1 min read

Don't do exploration task

A person struggling to make sense of an IKEA assembly manual
A person doing the IKEA challenge

When giving tasks to participants in usability sessions:

DON'T: "Tell me what you see on this dashboard"

DO: "Check if your e-commerce site is going ok."

Rationale

Looking at a dashboard with no particular intention is a very different behavior than looking at a dashboard in order to figure out if the e-commerce site is still up and running.

User researchers should gather the usability issues that come up during realistic user behavior. If we are collecting data about fantasy behavior that is not helping anyone. That's just invalid data.

Realistic user behavior starts with a realistic user task. "Look around and tell me what you see..." is not such. There aren't many apps that people open just because they wanna read some UI copy and see boxes and arrows.

Here is another example to make the point:

Let's say a UXR at IKEA wanted to test the usability of an assembly manual.

DON'T

  • Researcher: "Look at this assembly manual and tell me what it shows you."
  • Participant: [Reads the manual carefully, from point to point linearly. Doesn't skip anything. Spends a good 15 minutes reading... Has a little problem with reading the small print.]

DO

  • Researcher: "Assemble this bed. Here is the full package [assembly manual, parts, tools]. Start now."
  • Participant [Not looking at the manual. Tries putting parts together... Gets stuck.
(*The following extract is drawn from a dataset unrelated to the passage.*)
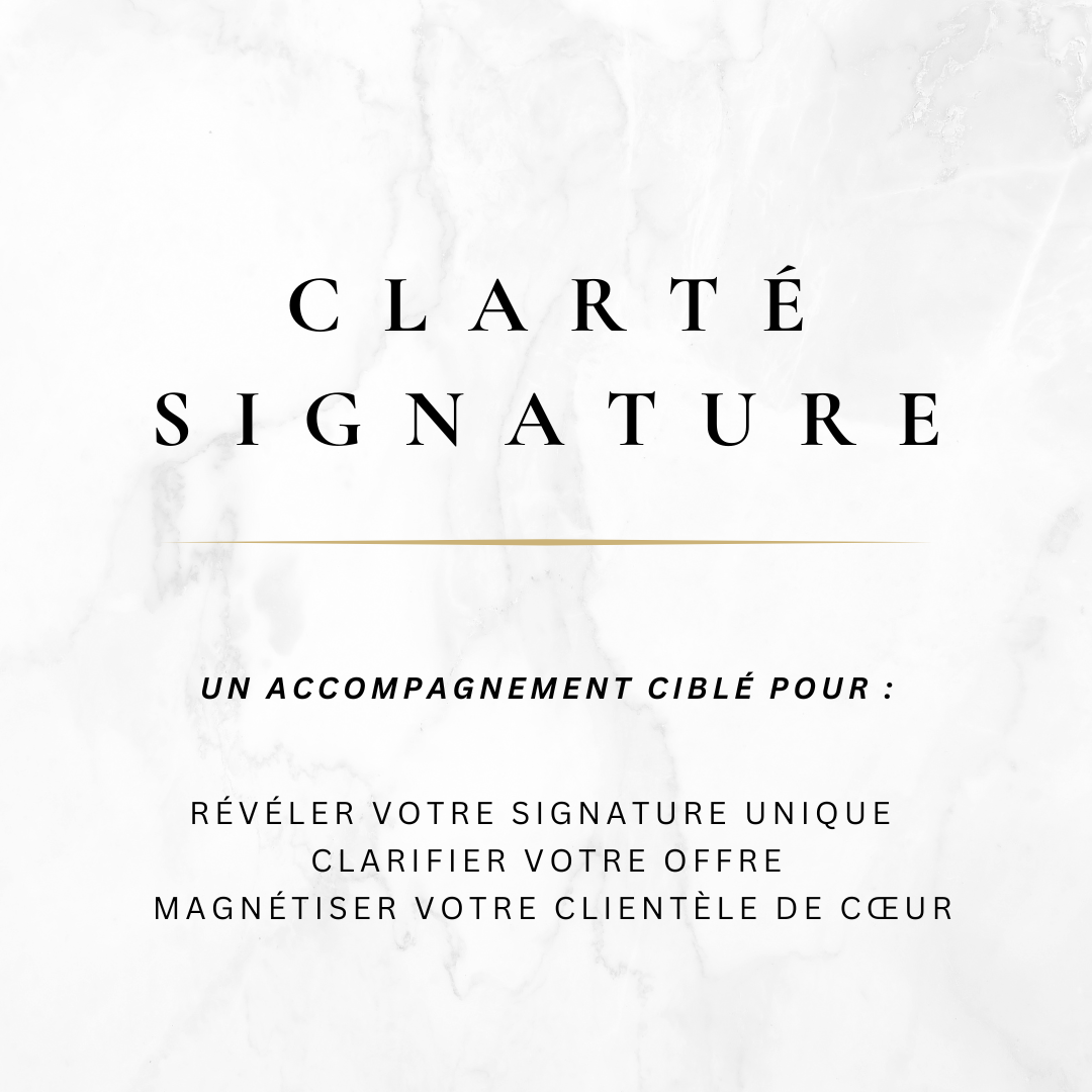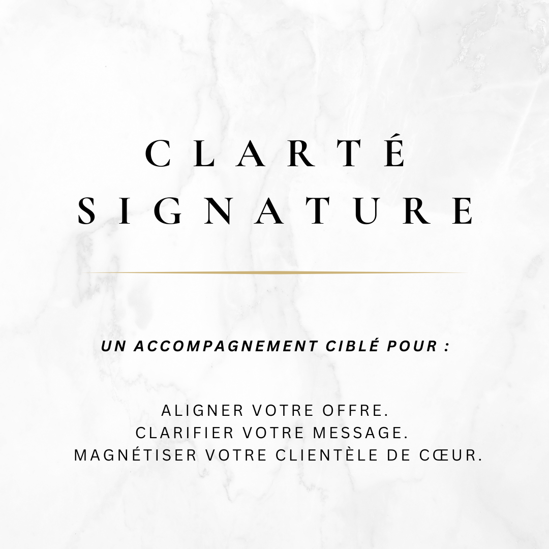 ➕ 3 séances d’alignement stratégique pour révéler votre signature unique, clarifier l’essence de votre offre et poser des repères clairs pour la suite.

Skips to the 6th page where she recognizes some parts... Goes back to the first page to disambiguate the parts... Realizes she put together the wrong parts... or did she?... going back and forth...]
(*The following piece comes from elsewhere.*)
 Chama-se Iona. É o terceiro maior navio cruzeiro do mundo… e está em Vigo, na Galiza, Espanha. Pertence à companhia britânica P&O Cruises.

Two completely different behavior with very different usability issues. One of them is an unrealistic behavior that was prompted by an exploration task. The other is realistic behavior prompted by a good task.

Exception

Only do exploration tasks if that's something real users would do. The example that comes to my mind is landing pages. Users visit those pages specifically to explore the product, and to understand whatever the page has to say.